Please add the actual equations you use to tune coefficients through the “corrected fit” and “best fit” methods and then describe them. As is, it’s unclear how exactly you tuned the model coefficients.
Figure 2: Could you please describe the figure more in the caption? What does each panel refer to? What about the axis? What about the legend? What about the peak transition line?
Figure 2: could you please describe and analyze this figure more fully in the main body of the text? It’s only referenced in passing in a single sentence: “The inflow probes for AV4 generally return similar values, except for the time stamp 1:40 (Fig. 2)…” This sentence would be more clear if you took the time to introduce and describe the figure e.g. “Figure 2 shows the 10-minute averaged inflow characteristics upstream of both AV1 and AV4 as well as the thrust coefficient of AV1 and AV4. The figure shows the inflow probes for AV1 and AV4 generally return similar values except for at the time stamp 1:40…”
Results
Could you provide the results of the model fitting that you described in section 3.1? Aka what values did you get for each coefficient in Table 1 when using the corrected fit and best fit methods? Could extend Table 1 or add additional tables.
In general, this section would be easier to follow if you take the time to introduce each figure rather than just stating your results and referencing the figure in passing.

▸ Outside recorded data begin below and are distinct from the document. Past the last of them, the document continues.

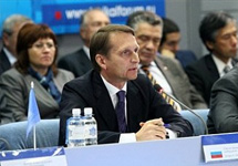 "У меня есть фантастическое предложение: я бы предложил европейским партнерам изгнать из блока США, - заявил Нарышкин. - И я уверен, что уровень стабильности и безопасности в Европе довольно быстро вернется в должное состояние".
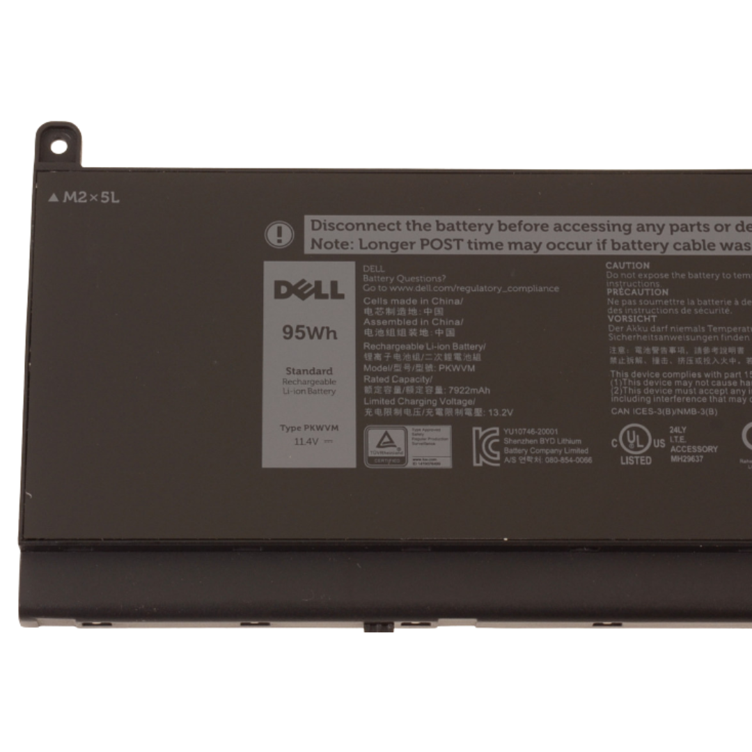 بطارية لاب توب ديل أصلية لموديلات Precision (7550 و 7560 و 7750 و 7760) – سعة 95Wh – رقم القطعة PKWVM. قطع غيار لابتوب بجودة عالية.
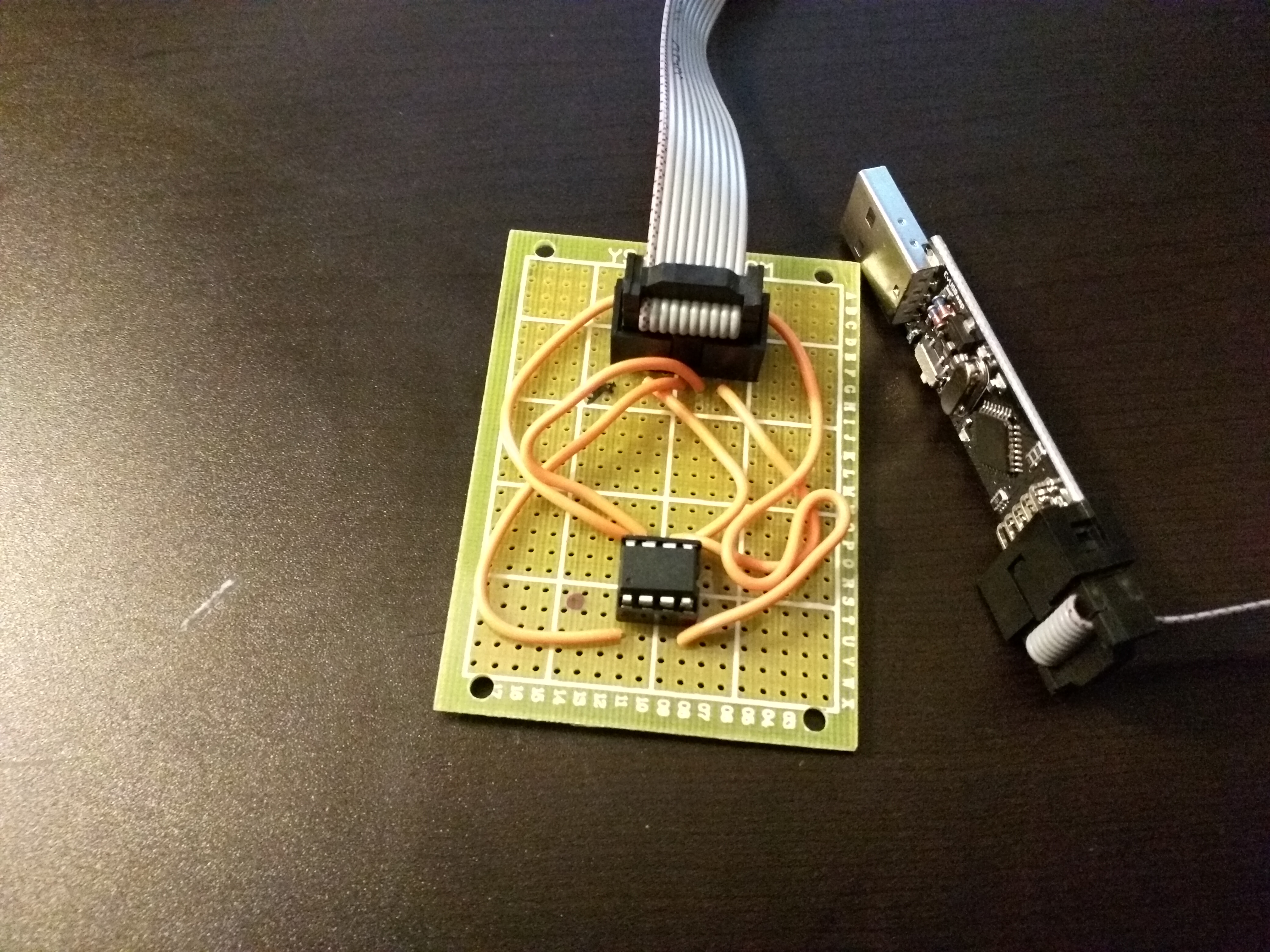 I can quickly program ATtiny chips by putting the chip in the IC socket and plugging an USBasp in the ribbon socket.[/caption]

E.g. rather than “The general behavior of all models follows similar trends (Fig. 3).” say something along the lines of “We calculate the RMSE of….and plot these results in Figure 3. The figure shows that the general behavior of all models follows similar trends.”

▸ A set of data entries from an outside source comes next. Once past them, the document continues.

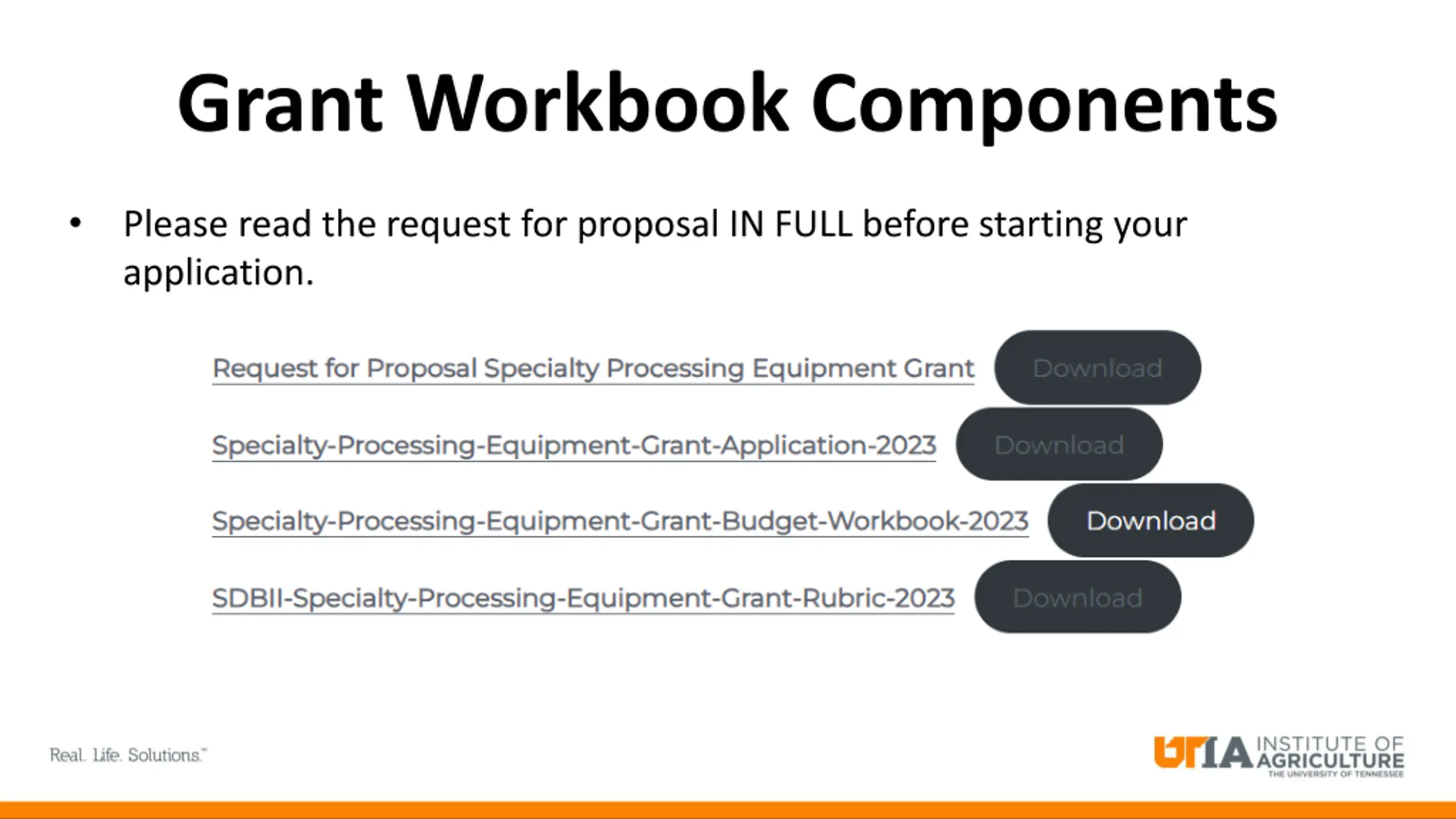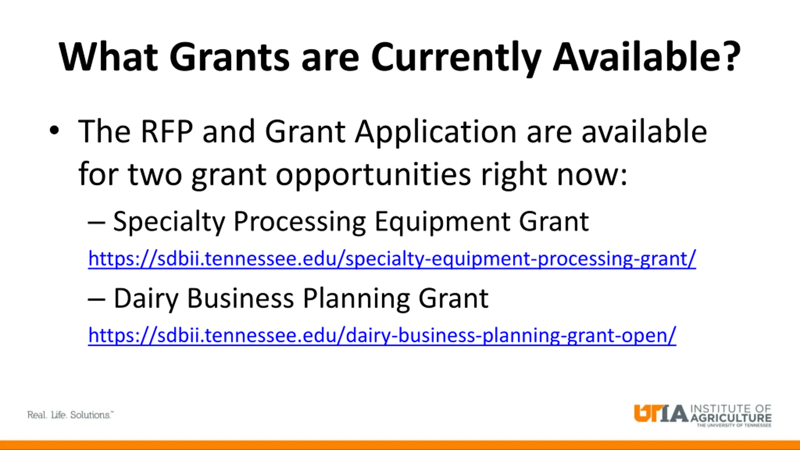 What Grants are Currently Available? The RFP and Grant Application are available for two grant opportunities right now: Specialty Processing Equipment Grant https://sdbii.tennessee.edu/specialty-equipment-processing-grant/ Dairy Business Planning Grant https://sdbii.tennessee.edu/dairy-business-planning-grant-open/
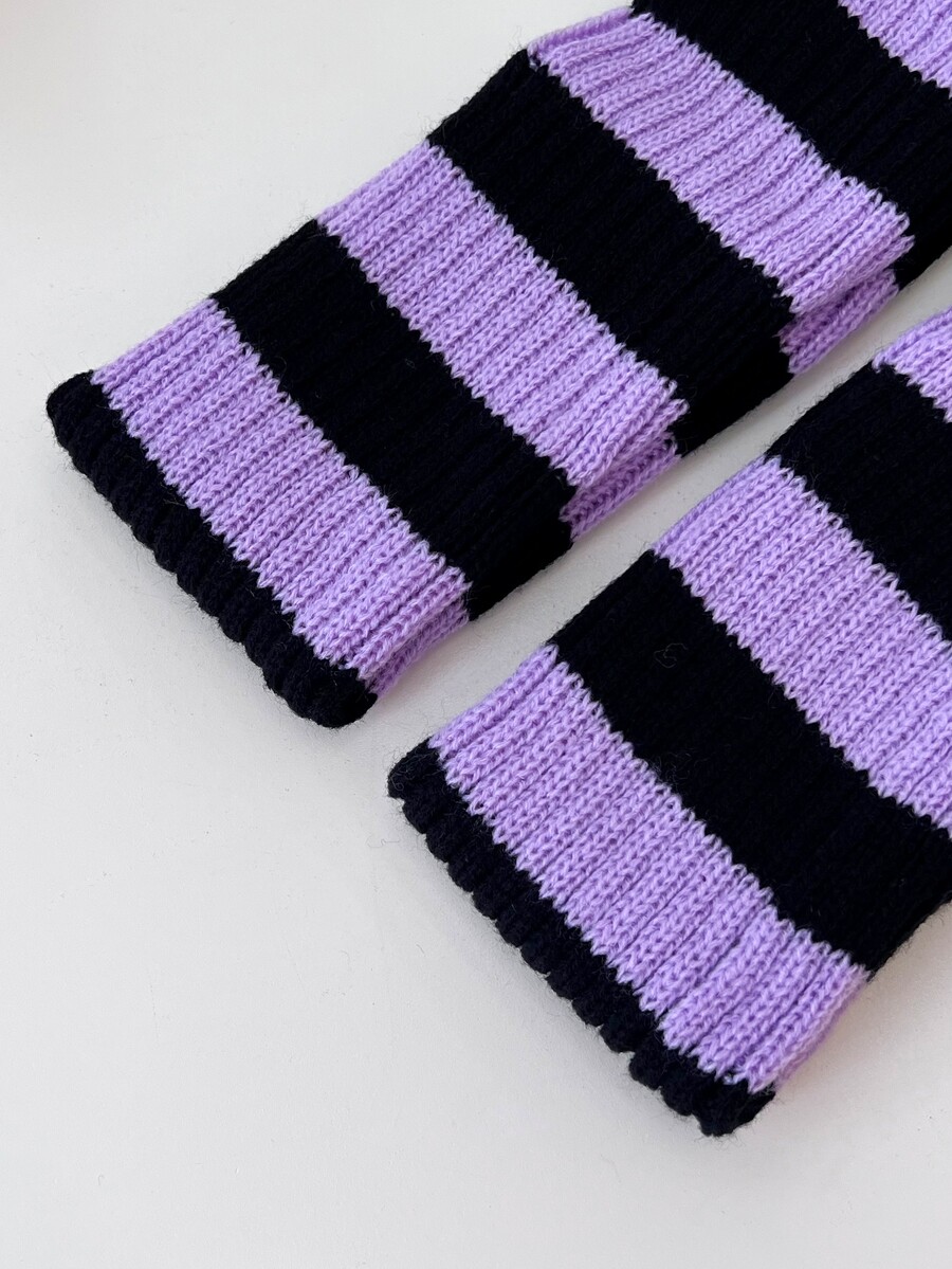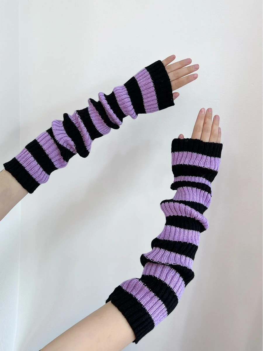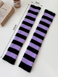 1 par de calentadores de brazos largos de punto a rayas con diseño color block verde y blanco, perfectos para atuendos festivos
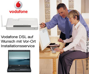 Vodafone Telefonanschlüsse mit DSL sind schon in vielen Anschlussbereichen möglich. Für die Vodafone DSL Tarife, Surf Sofort Tarife, Internet Flat und Telefon Flat fallen zur Zeit nur 9,95 € Einrichtungspreis an (statt sonst 99,95 €). Der günstige Einrichtungspreis gilt auch für einen Vodafone Neuanschluss (z.B. nach Umzug), einzige Vorraussetzung ist eine Teilnehmeranschlussleitung / TAE Dose in der Wohnung bzw. im Haus. Bei Bestellung im Aktionszeitraum bis zum 31.10.2010 erhalten Sie die meisten Tarife zum Aktionspreis (dauerhaft für die gesamte Vertraglaufzeit, nicht nur für die Mindestvertragslaufzeit wie bei anderen DSL Anbietern) sowie mit 50 € Startguthaben bei Onlinebestellung oder Hotline. Alle Vodafone DSL Tarife erhalten Sie auf Wunsch mit Installationsservice Vor-Ort, welcher die Installation der Vodafone Endgeräte (DSL Modem / Vodafone WLAN Router) im Umkreis von 150 cm zur vorhandenen TAE Dose sowie eine Einrichtung von DSL Modem / WLAN Router auf Ihrem PC bzw. Laptop beinhaltet. Call by Call und Preselection Tarife können an einem Vodafone Telefonanschluss (ähnlich wie bei anderen Anbietern) nicht genutzt werden. Die Mindestvertragslaufzeit für alle Vodafone DSL Zuhause Pakete beträgt 24 Monate. Der Vertrag verlängert sich automatisch um jeweils 12 Monate, wenn nicht vor Ablauf der Mindestlaufzeit gekündigt wird. Es gelten die Vodafone AGB. Alle Preisangaben auf dieser Informationsseite zu Vodafone DSL sind inkl. der dt. MwSt. |

“During the peak transition phase at 1:50, … Model fitting for the period ending on 1:50 returns unrealistic coefficients, e.g., a negative wake decay coefficient k for the Jensen-Gaussian model.”
- Please specify in the text here that for this reason you don’t show results in figures 3 and 4 for time 1:50 using the corrected fit and best fit coefficients.
- I would suggest you include the results for time 1:50 using the default coefficients in figures 3 and 4. It would still be interesting to see what the RMSE and what the wake deficit is during the transition and how that varies by wake model.
Figure 3: please describe how the figure is laid out in the caption to make it easier for the reader to orient themselves. Please specify:
- The top three panels use the BPA method; the middle three Jensen-Gaussian, and the bottom super-Gaussian.
- The left three panels show results for pre-OCC and the right three panels results for post-OCC.
- Each column refers to a downstream location.
- Rows are grouped into sets of three corresponding to the RMSE for a time period, e.g. 1:10.
- Within each group, the rows are labeled “default”, “corr. fit”, and “best fit”, which correspond to results using the coefficients found using the default, corrected fit, and best fit methods.
Figure 3: why do you use different color scales for pre-OCC and post-OCC? It makes it hard to compare the RMSE between the two panels. Could you either provide a compelling reason to use different colors or change them to use the same color?
You say “The agreement to WRF-LES is good for the stabilized flow in the pre-OCC phase but declines as the convective cell approaches the wind farm.” That isn’t clear to me based on Figure 3. For the pre-OCC panels, the RMSE goes up to 2.0. In contrast, for the post-OCC panels, the RMSE only goes up to .15. Doesn’t this mean that the error is actually higher for the post-OCC panels than the pre-OCC panels?
Figure 4: similar to for figure 3, could you please describe the figure more in the caption to help orient the reader. Please talk about what each column and row of figures is and then within each figure please define what the horizontal and vertical axes are. Please also describe the legend aka what does each line refer to.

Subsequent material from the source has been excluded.